Even though it’s the evening the hospital is buzzing. Serious-looking doctors stride along purposefully, stethoscopes flung over their shoulders; porters trundle trolleys past and a steady stream of visitors pours through the front doors. Swallowing nervously, I make my way through the maze of lino-floored corridors and follow the sporadic signs to the ward where Jamal said Wish is staying. En route Eve pulled in to our local Spar and grabbed some seedless grapes and magazines for Wish, plus a packet of Silk Cut, which she chain-smoked all the way to the hospital. My stomach did nervous origami throughout the journey. What on earth was I going to say to Wish?
‘Sorry?’ suggested Eve, pulling up outside the hospital and tipping me out into the night. ‘I totally misjudged you? Give us a snog?’
I sigh as I push open the heavy doors to the ward. I guess that would cover it really. Apart from the last bit, of course.
This hospital wing is a casualty of the crumbling NHS. I can almost see the germs waving at me as I wander across the sticky floor, and the fetid air is a positive germ orgy. I scan the ward for Wish.
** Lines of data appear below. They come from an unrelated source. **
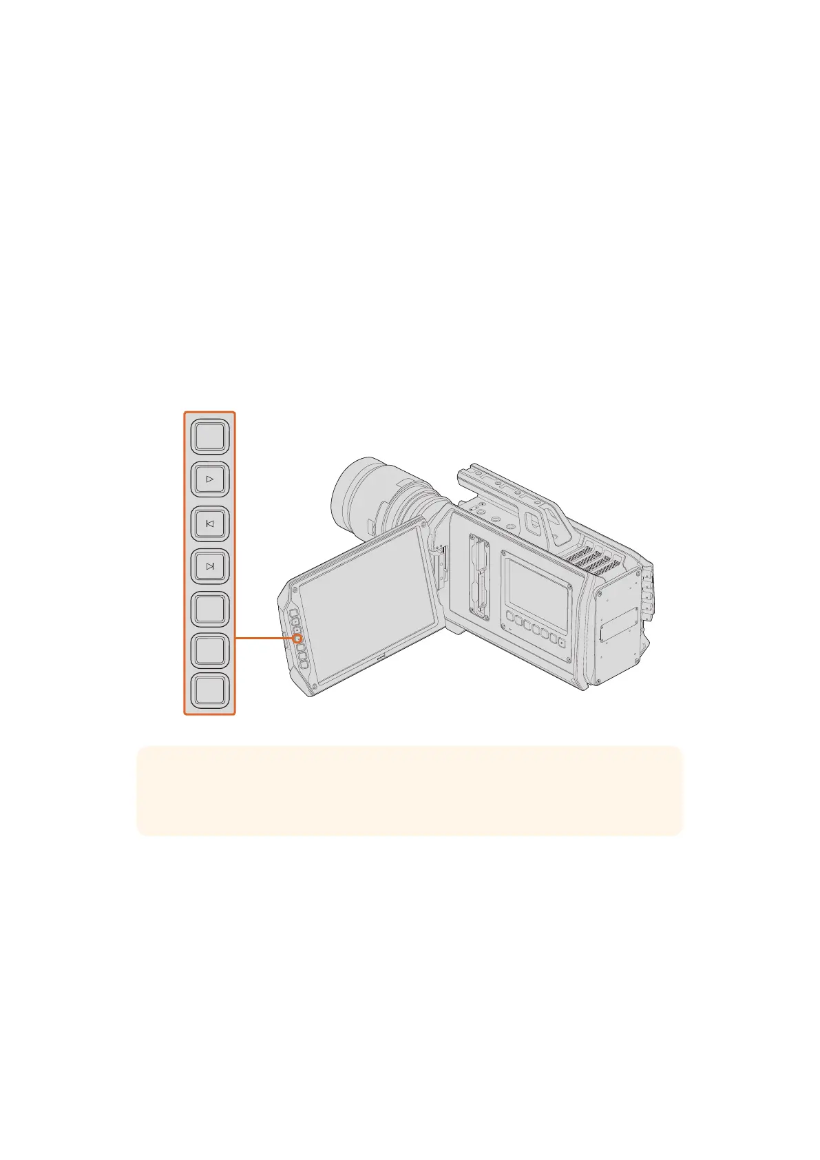 提示 您记录和播放片段所需的所有控制都位于翻折式监视器的外侧边缘,这些控制包括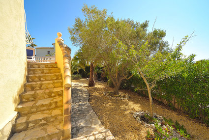 Benitachell: Beautiful house "Las Palmeras". In the district of Cumbre del Sol, in a quiet, sunny, elevated position in the residential district, 1 km from the sea. Private: beautiful, well-kept garden 850 m2 (fenced) with wildlife garden, swimming pool kidney shaped (4 x 8 m, 01.01.-31.12.). Outdoor shower. In the house: central heating system, air conditioning (extra). Stepped path (10 steps) to the house. Shop 800 m, supermarket 3.5 km, restaurant 800 m, sandy beach "Moraira" 6 km, swimming bay 1 km.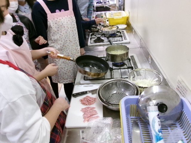 6年生のクラスごとの調理実習が進められています。グループごとに丁寧に計画を立て、楽しみながら実習を進めています。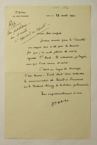 Keywords: Lettre d'Eugène Briau au docteur Jean Duclos à propos d'une caricature du Professeur Bard.JPG fr 2007 0 176 M 282 2014-04-16 10 10 56 Hospices civils de Lyon Laura Clerc et Maxence Colleau other versions Hospices civils de Lyon 2007 0 176 M manuscrit caricature lettres correspondance lettre au docteur Jean Duclos à propos d'une caricature du professeur Louis Bard BRIAU Eugène auteur Eugène Briau 1870-1951 Reçu au concours de l ™Internat en 1892 Médecin demeurant 42 rue d ™Anjou à Paris Dessinateur collectionneur il utilise les moments libres pour recueillir les caricatures de ses collègues Il collabore aux Revues de l'Internat de Lyon dès 1894 Une correspondance avec Jean Duclos nous apprend que c'est grâce à lui qu'a pu être constitué et conservé le premier album de la salle de garde de l'Hôtel-Dieu Après ses études lyonnaises il fut médecin au Creusot puis s'intalla à Paris Il fait partie du groupe des médecins hygiénistes et est membre du comité de rédaction du Mouvement Sanitaire où il publie régulièrement des articles agrémentés de savoureux croquis papier encre noire 28 avril 1930 adresse ; date à l ™angle supérieur gauche 42 rue d ™Anjou ; à droite Paris le 28 avril 1930 L 21 cm ; l 13 4 cm 2007 0 173 M croquis du Professeur Bard qui fait l ™objet de ce courrier UI 03/2001 propriété de l'établissement public ; don ; Lyon ; Musée des Hospices Civils de Lyon DUCLOS Jacques Donateur Laura Clerc Maxence Colleau Institution Musée des Hospices civils de Lyon Philippe PAILLARD L ™humour médecin Caricatures du monde médical lyonnais 1890-1950 Lyon Editions lyonnaises d ™Art et d ™Histoire 2003 67-68 DEFAULTSORT Bard cc-by-sa-4 0 PD-Art Caricature in Musée des Hospices civils de Lyon Caricatures of physicians 19th-century physicians from France Male physicians Physicians from France Physicians from Lyon People of Hospices civils de Lyon Louis Bard Eugène Briau Letters written messages |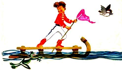Он выпустил лягушку в речку, приказав ей плыть за ним. А когда поднялся ветерок, мальчик поставил вместо мачты рукоятку сачка. Сачок надулся, как парус, и корабль помчался по реке.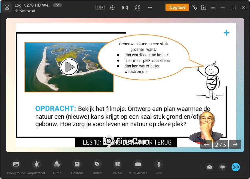 Kies je via Theme een lay-out waarbij je eigen webcambeeld niet het volledige scherm bedekt, dan kun je met Content tegelijkertijd andere inhoud tonen. Denk aan een webpagina, applicatievenster, video (ook via een YouTube-url), iPhone-beeld, PowerPoint-presentatie, tekst of eigen foto. In je videoconferentietool selecteer je FineShare FineCam om de virtuele camera te gebruiken. Mogelijk moet je nog bevestigen met de blauwe knop Virtual Camera rechtsonder in FineCam.

An old lady is yelling incoherently from behind the raised bars of her bed; across the ward a man is ringing a buzzer and the television babbles away to itself while somebody yells for a bedpan.
And there’s no sign of Wish anywhere.
‘Excuse me,’ I call to a passing nurse. ‘I’m looking for Wish?’
The shadows under her eyes are so dark she could double as a panda but she still manages to smile at me. I really must see if I can do an investigation into the state of the NHS for
GupShup
. The realities behind the headlines, or something. I can even interview Wish if he’s still talking to me.
Then I remember I won’t be working for
GupShup
any more because I’m going to marry Subhi, and my stomach churns.
‘Are you all right?’ asks the nurse.
To be honest, I don’t think I am, but there’s nothing the medical profession can do about it.
‘I’m looking for a friend of mine who was admitted last night,’ I tell her. ‘He had a motorbike crash?’
‘Oh, Wish!’ Her face splits into a smile. ‘He livened the place up no end, he did. I’m sorry, love, he’s gone.’
‘Allah-
ji
! He’s not...’
‘Bless you, no! Of course he isn’t! He discharged himself a few hours ago. He said he could see we needed the beds and there was no way he was going to take one when somebody who was really sick could use it.’
‘He’s gone home?’
The nurse nods. ‘His fiancée picked him up. It was so sweet. She couldn’t keep her hands off him. Not that I can blame her! He’s a looker, your friend Wish, isn’t he?’